Heat/ConvergenceDesignNotesByMike

< Heat
Revision as of 21:46, 28 May 2014 by Mike Spreitzer (talk | contribs) (Workflow Engine or Not)

Convergence Design Notes by Mike

In the Juno design summit etherpad (https://etherpad.openstack.org/p/heat-workflow-vs-convergence) there are several design problems and solutions discussed, with final selection unclear. In this page I offer one opinion. The contentious issues include: to use a workflow engine or not, whether and (if so) how to chunk the work.

Workflow Engine or Not

The desires to support very large stacks (size of 1E6 resources was mentioned), react quickly to new stack operations, and efficiently support a hypothetical new incremental stack update operation appear to have side-tracked the idea of using a workflow engine. Here is my net of the issues. Suppose a workflow engine with a clean interrupt operation: it stops the launch of new actions for the interrupted workflow, and waits for completion of the actions currently in progress. Heat could use such a workflow engine. When some differences between target and observed state are detected, heat would compose a workflow to heal the differences and launch it. If later more differences are detected before that workflow completes, that workflow would be interrupted and then a new workflow composed and launched to handle all the current differences. This would probably require yet another copy of state: in addition to target and observed state there would be another kind of state that is observed state overwritten by the goals of the workflow (if any) currently in progress; let's call that "anticipated state". The kind of difference that causes a new/revised workflow is a difference between anticipated state and target state.

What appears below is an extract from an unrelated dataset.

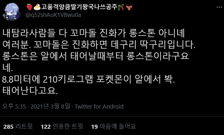 솔직히 롱스톤이나 캥카같은애들 미진화체 줘야함...
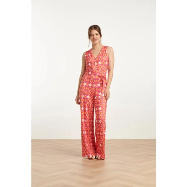 Deze vrolijke, stretchy en mouwloze jumpsuit van Smashed Lemon is de perfecte keuze voor een zonnige dag. Het ontwerp met een levendige, grafische oranje fruitprint in de kleuren roze, oranje, wit en een vleugje rood maakt dit stuk een ware blikvanger. De jumpsuit heeft een elegante V-hals overlappende decolleté, zonder mouwen en wordt geleverd met een bijpassende riem voor een extra accent op je taille. De losse, flowy pasvorm van de pijpen biedt optimaal comfort en vrijheid van beweging. Of je nu een dagje uit gaat of een casual avondje hebt, deze jumpsuit is een veelzijdige keuze die niet mag ontbreken in je zomeroutfits. Maak je look compleet met de frisse kleuren en het speelse ontwerp van Smashed Lemon, een merk dat bekend staat om zijn stijlvolle en eigentijdse mode voor de moderne vrouw. Belangrijkste kenmerken: - Vrolijke, grafische fruitprint in oranje, roze, wit en rood - V-hals overlappend decolleté met bijpassende riem - Losse, flowy fit voor ultiem comfort Met deze

There is a desire to add an incremental stack update operation, which would not take a whole revised template+effective_environment+parameters but rather some description of an incremental change. There is a desire for an efficient implementation of this hypothetical operation, particularly in the case of a large stack and a small change. It might be possible for the implementation to interrupt a workflow in progress and incrementally compute the needed revised workflow, and possibly even --- as an optimization --- detect the special case where there is no intersection between the new delta and the workflow(s) currently in progress and in that case compose and launch an additional independent workflow. But this is going to be pretty complex logic.

The alternative is an approach that does not use a workflow engine. Rather, multiple heat engines conspire to do the actions themselves. This appears preferable to me, although I am not happy with the degree to which this involves duplicating functionality of a workflow system.

Where to Store Observed State

I saw mention of three approaches: (1) store it in the DB, (2) store it in memcached, and (3) read it whenever needed from the authoritative source. Approach (3) was roundly dismissed. Approach (2) raises questions about consistency. It is not clear to me that we have a problem with consistency, that depends on other parts of the design. For now let us assume approach (1), and later revisit this question.

To Chunk or Not

Some of the discussion was around the idea of breaking of stack operation into smallish batches of individual resource operations. There is even a reference to an academic paper on graph partitioning, which could be used to do that breaking into batches. Even with batching (chunking) there remains the problem of doing each operation only after its dependencies are satisfied. With multiple engines there is the problem of avoiding duplicated or inconsistent work (remember the desire for the ability to start working on a new stack operation before the old one is finished). Suppose one large stack operation arrives, is broken into chunks, and they are distributed and begun execution. While that execution is going on, a stack update arrives that adds and removes resources. The set of chunks is now necessarily different; how to coordinate with the chunks in progress?